E também há grandes dúvidas se Marcelo aceitará tal solução. Em Florença, questionado pelo PÚBLICO, o Presidente respondeu que pretende que haja, entre os 16 e os 18 anos, “qualquer tipo de informação ou relatório ou avaliação clínica, isto é, médica” para prevenir que mais tarde, “quando se tratar de mudar o sexo, não haver dúvidas ou contradições entre a decisão primeira de mudar de género e depois a outra de mudar de sexo”. Mas como as respostas do Parlamento aos vetos têm sido um pouco ao lado das recomendações de Marcelo e este tem depois promulgado, a esquerda acredita ter novamente hipóteses de ganhar a aposta numa solução ligeiramente ao lado da pedida.
O PAN, autor de um dos três diplomas que acabaram por dar lugar à iniciativa legislativa que foi aprovada há um mês, defende que há "condições para continuar a separar a esfera clínica da legal também no caso das pessoas trans menores de 18 anos". Mas divulgou uma nota em que o deputado André Silva diz querer reconfirmar a proposta aprovada no Parlamento.
Para o PS, o pedido de Marcelo “é perfeitamente acomodável numa alteração que se possa fazer proximamente”, disse Carlos César no final da reunião da bancada parlamentar. Tal como o Bloco, os socialistas fazem questão de vincar que o veto do Presidente não é em relação à iniciativa de extensão do direito à autodeterminação de género aos jovens entre os 16 e os 18 anos, mas apenas sobre um critério específico acerca da forma de acesso dos menores a esse direito.
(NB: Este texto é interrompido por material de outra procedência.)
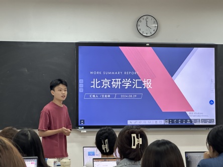 2022级图灵班的学长学姐们暑假期间去北京进行了研学活动,收获颇丰,2023级图灵班邀请2022级图灵班王宏祥为做研学报告。报告会于2024年8月29日星期四在9#309顺利召开。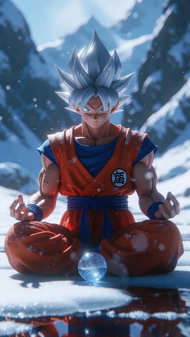 Goku meditates alone on an icy tundra, his hair frosted white. His heavy winter garb sways in the cold wind as glacial Dragon Balls swirl around him. Chilling sunlight creates icy reflections, enhancing the solitude, forming a solemn yet beautiful atmosphere.

PSD e CDS exigem relatório
PSD e CDS aceitam votar a favor da lei se for introduzido o critério da apresentação do relatório médico que ateste a disforia de género, como constava da proposta de alteração dos sociais-democratas na discussão na especialidade. Quase em uníssono, afirmaram que era um veto “óbvio”, “avisado”, “compreensível” e inevitável” e pediram que a esquerda tenha a “sensatez, equilíbrio e ponderação” para reequacionar a questão. Na mensagem que enviou com o diploma devolvido ao Parlamento, o Presidente pede que “se debruce, de novo”, sobre a “previsão de avaliação médica prévia para cidadãos menores de 18 anos”.
O Bloco prefere ler na mensagem do Presidente alguma abertura para uma solução ligeiramente diferente. Para Sandra Cunha, exigir um relatório médico nesta fase da mudança de nome e de género no cartão de cidadão “é não compreender o que a lei efectivamente pretende”. “É não compreender um acto meramente civil, que não envolve cirurgias ou tratamentos irreversíveis. Quando esse tratamento ou cirurgia se impuser e a pessoa decidir aceder a ele e, evidentemente, como qualquer outro tratamento, será feito por médicos e com acompanhamento médico – como o Presidente pretende”, argumentou.